Summer crappie fishing is for night owls. You can catch crappies during daylight hours this season, but your odds for success will improve if you fish between dusk and dawn. During hot weather, many crappies work the late shift, and crappie anglers should, too.
Night-Fishing Logistics
The extent to which you are familiar with a lake and its crappie habitat is important when night fishing. If you search for good fishing spots in the darkness on an unfamiliar body of water, you could get lost, wind up on top of a stump or sandbar, or something worse.
Fish waters you are already familiar with, or do some advance scouting during daylight hours. You’ll catch more crappies if you can travel safely and directly to prime fishing locales that you’ve previously identified and marked. Putting waypoints in your GPS is helpful, and before fishing, you also may want to flag your fishing areas with marker buoys.
The best places are near woody cover and provide crappies distinct travel routes from deep daytime haunts to shallower reaches used for night feeding. These include points, humps, creek channels, ledges and ridges. Lighted docks and marinas also are first-rate night-fishing spots. Overhead lights draw baitfish and then crappies, and many dock owners place crappie-attracting brushpiles nearby.
Ultralight spinning combos and graphite jigging poles with 4- to 6-pound line work great for night fishing. Jigs, live minnows and jig/minnow combos are the enticements preferred by most anglers, but small spoons and spinners also nab darkside slabs.
Get your fishing outfits rigged and ready to go before launching, and organize your tackle box so you’ll know where everything is. You’ll need anchors to hold your boat stationary and insect repellent to ward off mosquitoes.
Crappie Lights
Lights are an important part of nighttime crappie fishing. They work by attracting baitfish such as shad and minnows, which in turn attract predator fish such as crappie. Crappies gather near or in the circle of light to feed. All you have to do is drop in a bait and catch them.
Three primary types of lights are used:
1. Lanterns - propane, liquid-fueled or battery powered. These are hung near the water’s surface on boat-mounted brackets.

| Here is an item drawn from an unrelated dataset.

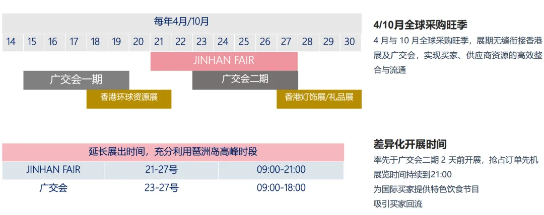 4月与10月全球采购旺季,展期无缝衔接香港展及广交会,实现买家、供应商资源的高效整合与流通。
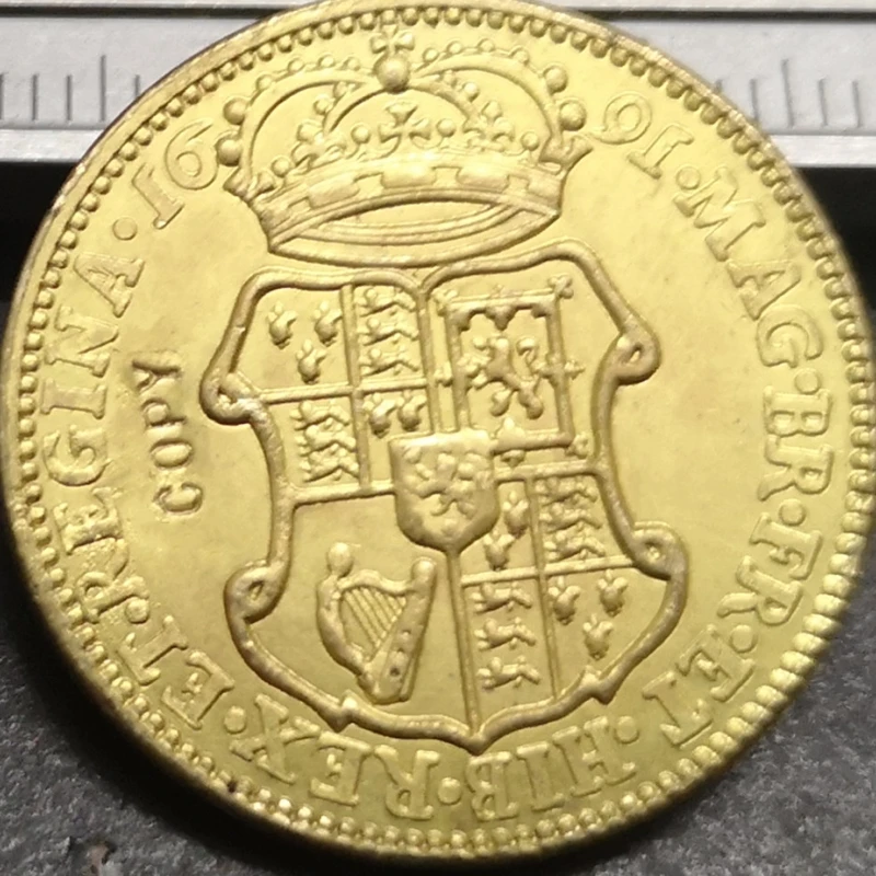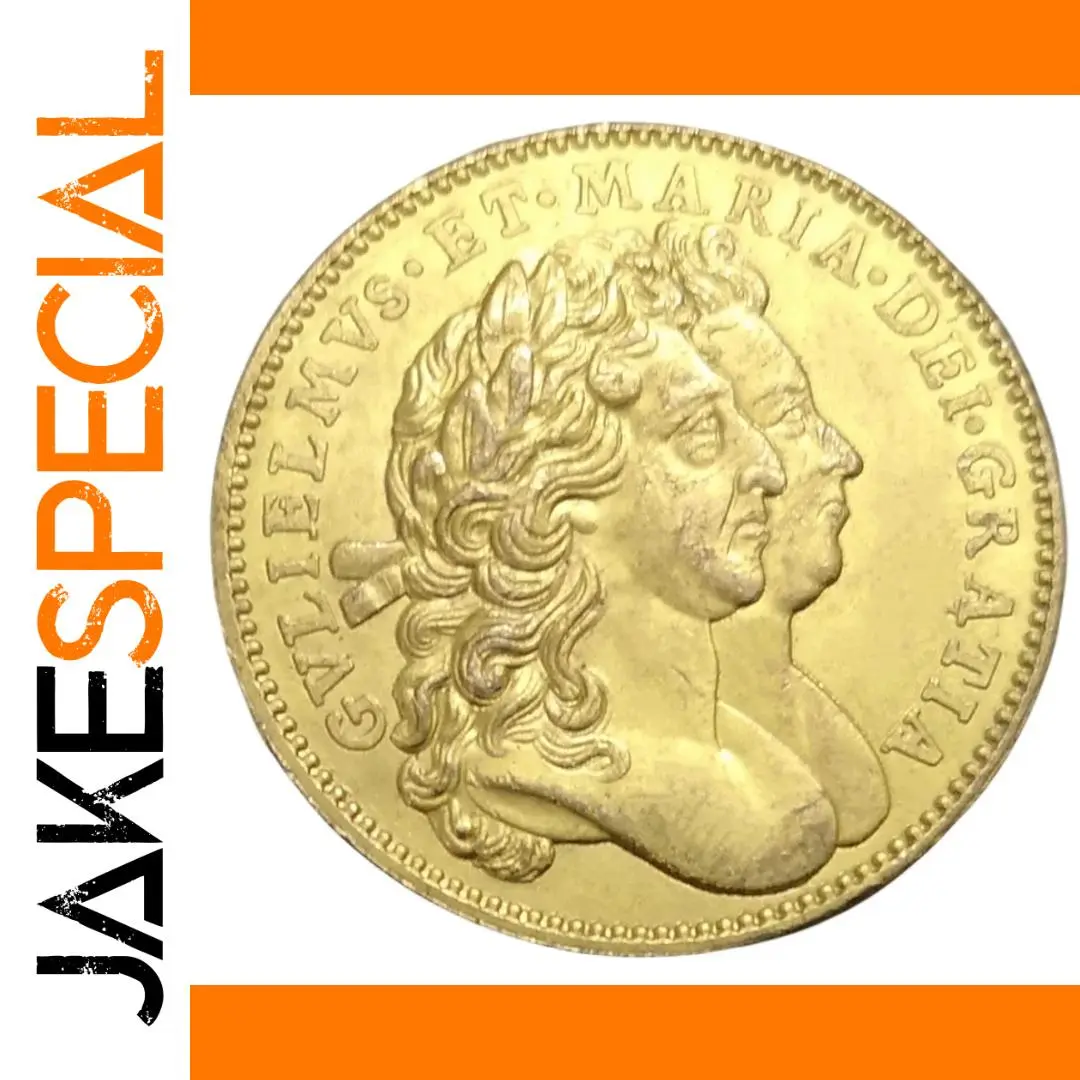 Experience the timeless charm of this stunning replica coin modeled after the historic 1691 England 1 Guinea. Crafted meticulously from metal with a polished, gold-colored finish of 99.99% purity, it exudes an authentic appearance resembling pure gold. The coin's round shape is accentuated by intricate, high-relief detailed portraits of Queen Mary and King William, arranged to showcase royal dignity. With a beautifully detailed design, including flowing hair, facial features, and inscriptions, this piece offers a vintage European aesthetic perfect for collectors and enthusiasts. Its antique style is completed with a beaded border, enhancing its ornate and elegant appeal. This replica promises to be a striking decorative item, celebrating history with craftsmanship.

2. Floating crappie lights - Traditional models feature a Styrofoam flotation ring and have a white, headlight-type beam that points down in the water to draw baitfish and crappie. Newer lights feature LED or fluorescent illumination with green and/or white lights. Power is from alligator clips on a 12-volt battery, a cigarette-lighter plug or alkaline batteries.
3. Submersible crappie lights - These sink to light up the depths. Battery-powered, 12-volt, LED and fluorescent models are available, with white or green lights.

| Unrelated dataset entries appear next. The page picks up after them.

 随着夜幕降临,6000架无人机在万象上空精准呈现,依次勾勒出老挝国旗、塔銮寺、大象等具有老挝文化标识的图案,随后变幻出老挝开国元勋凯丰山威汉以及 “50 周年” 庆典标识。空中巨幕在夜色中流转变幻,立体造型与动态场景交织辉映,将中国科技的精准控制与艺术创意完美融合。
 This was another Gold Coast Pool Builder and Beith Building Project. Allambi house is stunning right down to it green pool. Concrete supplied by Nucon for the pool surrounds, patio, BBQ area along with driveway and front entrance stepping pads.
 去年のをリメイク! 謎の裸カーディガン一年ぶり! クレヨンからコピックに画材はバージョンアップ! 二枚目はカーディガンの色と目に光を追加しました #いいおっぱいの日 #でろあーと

All three light types can be used alone or in combination, but combinations are more versatile, lighting multiple levels of the water column to attract crappies no matter where they are, while also providing above-the-water lighting for tying knots, hooking bait and unhooking fish.
Fishing
When you arrive at your fishing spot, anchor or otherwise secure your boat so you can fish over primary structure and cover. Then position your lights on one side of the boat and turn them on to illuminate your fishing area. You can start fishing immediately, but bear in mind that crappies probably won’t show up until baitfish appear. This may take anywhere from five minutes to an hour or more.

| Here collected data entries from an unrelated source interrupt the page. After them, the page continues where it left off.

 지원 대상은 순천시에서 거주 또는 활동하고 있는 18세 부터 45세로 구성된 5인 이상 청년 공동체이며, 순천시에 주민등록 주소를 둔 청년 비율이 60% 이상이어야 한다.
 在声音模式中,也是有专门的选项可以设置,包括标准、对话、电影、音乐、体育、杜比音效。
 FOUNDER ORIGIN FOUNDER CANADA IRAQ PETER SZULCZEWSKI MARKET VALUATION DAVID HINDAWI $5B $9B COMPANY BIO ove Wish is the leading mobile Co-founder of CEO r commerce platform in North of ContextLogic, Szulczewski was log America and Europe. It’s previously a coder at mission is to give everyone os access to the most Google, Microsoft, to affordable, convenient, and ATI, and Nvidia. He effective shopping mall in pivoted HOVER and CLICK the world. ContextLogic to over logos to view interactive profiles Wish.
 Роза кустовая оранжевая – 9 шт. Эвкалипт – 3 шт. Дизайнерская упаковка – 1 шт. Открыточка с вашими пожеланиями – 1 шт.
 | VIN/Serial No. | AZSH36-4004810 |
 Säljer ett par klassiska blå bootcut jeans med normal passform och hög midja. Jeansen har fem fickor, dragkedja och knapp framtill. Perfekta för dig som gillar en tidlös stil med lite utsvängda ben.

So relax, have a soda and chew the fat. If you’ve chosen a good fishing area, you’ll soon notice baitfish around the light. At first there may be only a few, but where shad and minnows are plentiful, a whirling mass of small fish soon will be swimming in the lighted water. If the water is clear enough, you may actually see crappies running through the schools of baitfish and picking them off.
These crappies may be caught in many ways. A weighted live minnow beneath a slip cork is a good enticement, and jigs the size of the predominant baitfish almost always proves productive.
Some anglers like casting and retrieving spinners through the circle of light; others prefer working jigging spoons directly beneath the boat. At times, the best fishing is within the circle of illumination created by your lights, but on some nights, you’ll catch more crappies by fishing dark water at the edges of light.
Determining the proper depth to fish is perhaps the biggest challenge. If the lake is clear, crappies may be at 15 to 30 feet, sometimes more; in stained water, 5 to 15 feet; and in muddy water, typically less than 5 feet. The key to success is presenting your bait at the level where fish are feeding, but not too far beneath or above the strike zone.
Targeting crappies after dark provides lots of time to sit and socialize with your fishing buddies. Anglers of all ages enjoy the thrills, the laughs, the delectable meals and, most of all, the companionship an after-hours crappie junket provides.
So give night-fishing a try this season. There’s no better way to catch crappies when the heat is on.
Safety First
When boating at night, always follow these safety precautions:
• Be sure your boat is outfitted with proper navigation lights, all of which are in working order.
• Carry a spotlight so you can watch for obstacles and signal your presence if another boat approaches.
• Operate your boat at a slower speed and watch for the lights of other vessels.
• Wear a lifejacket and kill-switch at all times.
• Let a friend or relative know where you plan to fish and when you plan to return.